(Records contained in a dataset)
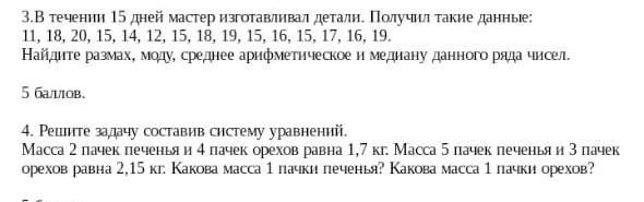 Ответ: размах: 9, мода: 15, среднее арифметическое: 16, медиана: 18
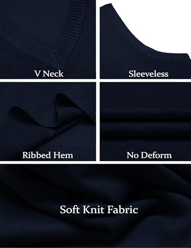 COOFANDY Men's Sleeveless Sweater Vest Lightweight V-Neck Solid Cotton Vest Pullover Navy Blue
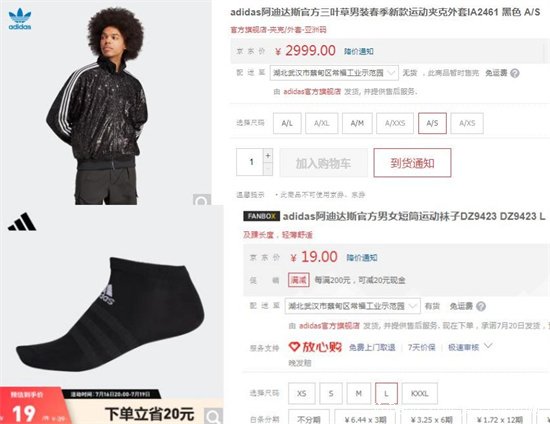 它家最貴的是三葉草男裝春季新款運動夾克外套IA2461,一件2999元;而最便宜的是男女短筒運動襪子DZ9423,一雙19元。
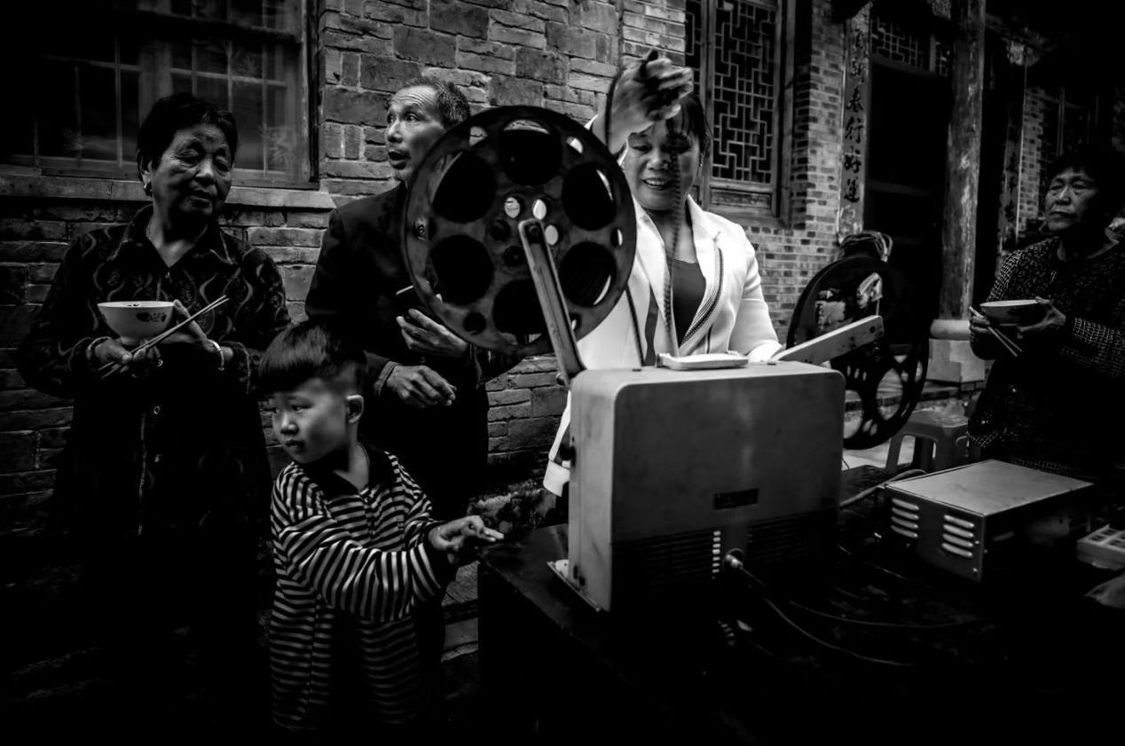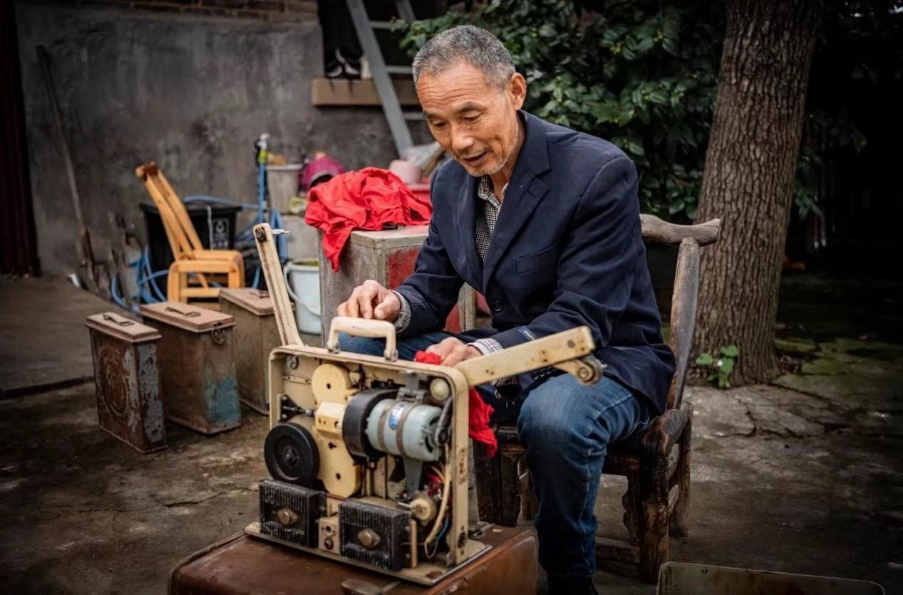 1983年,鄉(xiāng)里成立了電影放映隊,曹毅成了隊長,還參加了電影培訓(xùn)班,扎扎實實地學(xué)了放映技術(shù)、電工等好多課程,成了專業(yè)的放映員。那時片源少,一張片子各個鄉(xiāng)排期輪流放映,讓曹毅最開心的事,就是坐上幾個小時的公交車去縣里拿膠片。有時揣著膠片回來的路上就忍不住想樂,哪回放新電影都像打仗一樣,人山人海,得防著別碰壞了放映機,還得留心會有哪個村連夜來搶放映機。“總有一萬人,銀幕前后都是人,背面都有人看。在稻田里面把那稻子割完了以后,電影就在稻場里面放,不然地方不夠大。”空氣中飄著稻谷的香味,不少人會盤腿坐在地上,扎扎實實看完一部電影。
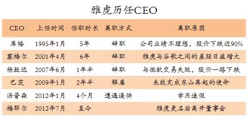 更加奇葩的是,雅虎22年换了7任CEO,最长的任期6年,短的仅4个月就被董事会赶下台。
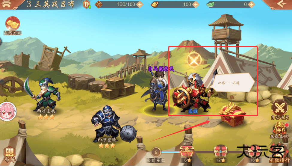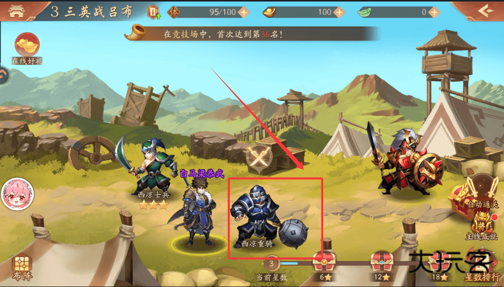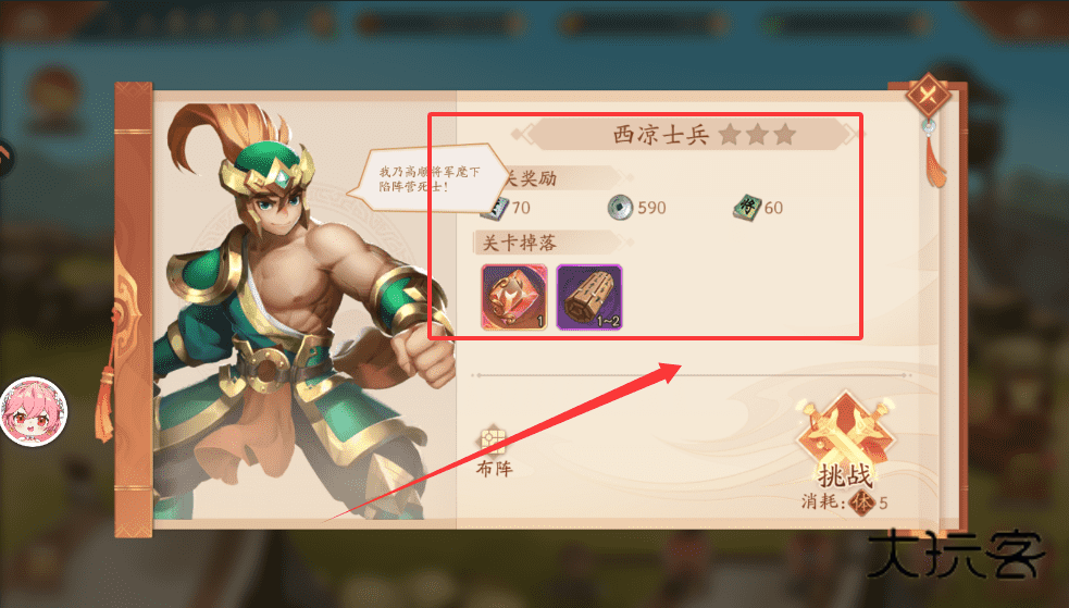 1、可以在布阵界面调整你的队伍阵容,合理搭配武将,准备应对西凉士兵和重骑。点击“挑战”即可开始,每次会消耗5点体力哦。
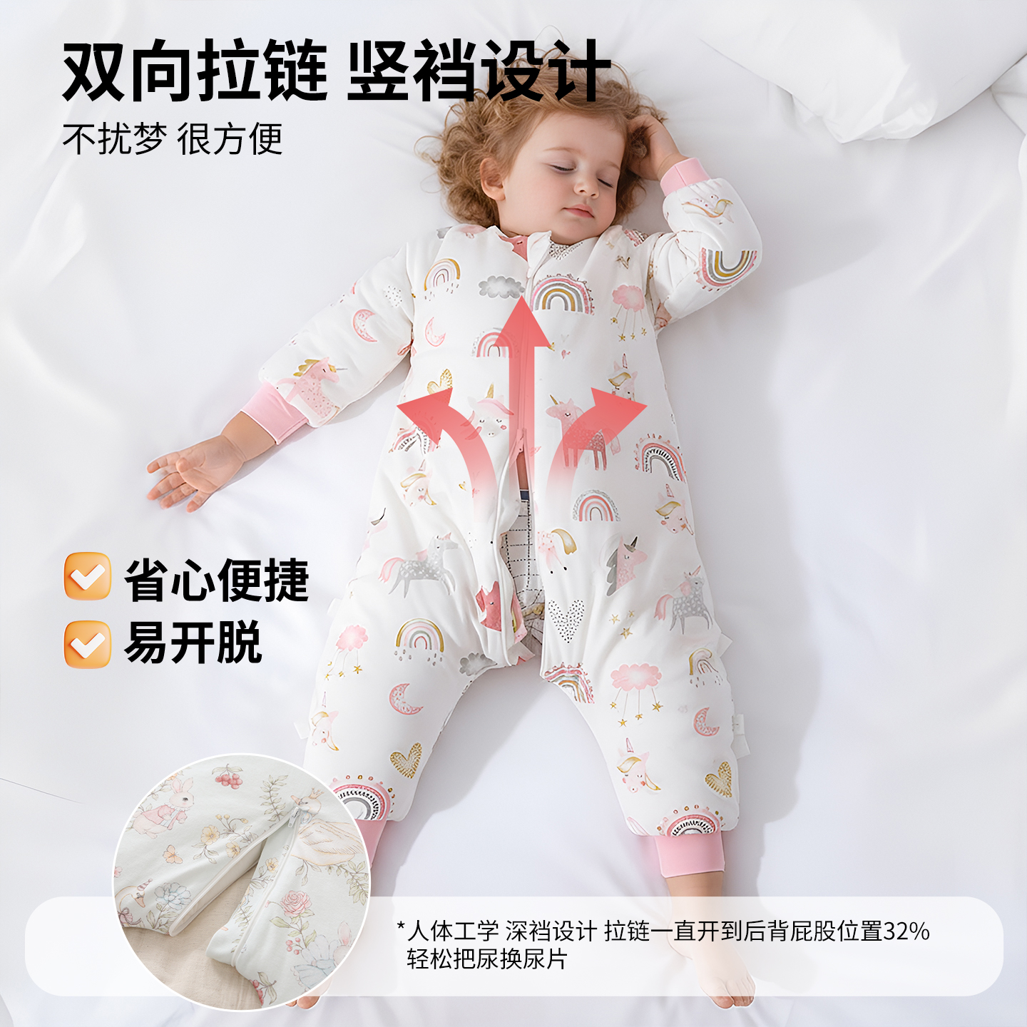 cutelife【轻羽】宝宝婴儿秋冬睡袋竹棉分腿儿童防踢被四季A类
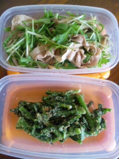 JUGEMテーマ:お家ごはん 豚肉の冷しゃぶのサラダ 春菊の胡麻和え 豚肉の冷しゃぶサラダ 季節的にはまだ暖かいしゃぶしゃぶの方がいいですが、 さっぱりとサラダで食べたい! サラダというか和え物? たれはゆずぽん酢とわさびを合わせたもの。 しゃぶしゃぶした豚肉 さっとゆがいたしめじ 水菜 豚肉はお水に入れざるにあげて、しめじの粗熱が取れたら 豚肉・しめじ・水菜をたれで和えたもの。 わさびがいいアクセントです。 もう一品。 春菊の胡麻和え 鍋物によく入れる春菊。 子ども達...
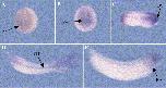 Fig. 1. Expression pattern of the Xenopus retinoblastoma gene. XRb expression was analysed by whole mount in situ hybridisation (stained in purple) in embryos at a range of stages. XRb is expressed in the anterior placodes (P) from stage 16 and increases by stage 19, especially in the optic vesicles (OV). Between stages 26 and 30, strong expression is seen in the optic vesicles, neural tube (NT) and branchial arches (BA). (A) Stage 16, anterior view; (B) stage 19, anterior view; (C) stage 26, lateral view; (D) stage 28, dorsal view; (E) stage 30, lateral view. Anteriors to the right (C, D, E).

## ABOUT THIS TASK
Omitting the pictures, repeat all entries exactly.

## ANSWER SECTION
 Ответ: размах: 9, мода: 15, среднее арифметическое: 16, медиана: 18
 COOFANDY Men's Sleeveless Sweater Vest Lightweight V-Neck Solid Cotton Vest Pullover Navy Blue
 它家最貴的是三葉草男裝春季新款運動夾克外套IA2461,一件2999元;而最便宜的是男女短筒運動襪子DZ9423,一雙19元。
 1983年,鄉(xiāng)里成立了電影放映隊,曹毅成了隊長,還參加了電影培訓(xùn)班,扎扎實實地學(xué)了放映技術(shù)、電工等好多課程,成了專業(yè)的放映員。那時片源少,一張片子各個鄉(xiāng)排期輪流放映,讓曹毅最開心的事,就是坐上幾個小時的公交車去縣里拿膠片。有時揣著膠片回來的路上就忍不住想樂,哪回放新電影都像打仗一樣,人山人海,得防著別碰壞了放映機,還得留心會有哪個村連夜來搶放映機。“總有一萬人,銀幕前后都是人,背面都有人看。在稻田里面把那稻子割完了以后,電影就在稻場里面放,不然地方不夠大。”空氣中飄著稻谷的香味,不少人會盤腿坐在地上,扎扎實實看完一部電影。
 更加奇葩的是,雅虎22年换了7任CEO,最长的任期6年,短的仅4个月就被董事会赶下台。
 1、可以在布阵界面调整你的队伍阵容,合理搭配武将,准备应对西凉士兵和重骑。点击“挑战”即可开始,每次会消耗5点体力哦。
 cutelife【轻羽】宝宝婴儿秋冬睡袋竹棉分腿儿童防踢被四季A类
 JUGEMテーマ:お家ごはん 豚肉の冷しゃぶのサラダ 春菊の胡麻和え 豚肉の冷しゃぶサラダ 季節的にはまだ暖かいしゃぶしゃぶの方がいいですが、 さっぱりとサラダで食べたい! サラダというか和え物? たれはゆずぽん酢とわさびを合わせたもの。 しゃぶしゃぶした豚肉 さっとゆがいたしめじ 水菜 豚肉はお水に入れざるにあげて、しめじの粗熱が取れたら 豚肉・しめじ・水菜をたれで和えたもの。 わさびがいいアクセントです。 もう一品。 春菊の胡麻和え 鍋物によく入れる春菊。 子ども達...
 Fig. 1. Expression pattern of the Xenopus retinoblastoma gene. XRb expression was analysed by whole mount in situ hybridisation (stained in purple) in embryos at a range of stages. XRb is expressed in the anterior placodes (P) from stage 16 and increases by stage 19, especially in the optic vesicles (OV). Between stages 26 and 30, strong expression is seen in the optic vesicles, neural tube (NT) and branchial arches (BA). (A) Stage 16, anterior view; (B) stage 19, anterior view; (C) stage 26, lateral view; (D) stage 28, dorsal view; (E) stage 30, lateral view. Anteriors to the right (C, D, E).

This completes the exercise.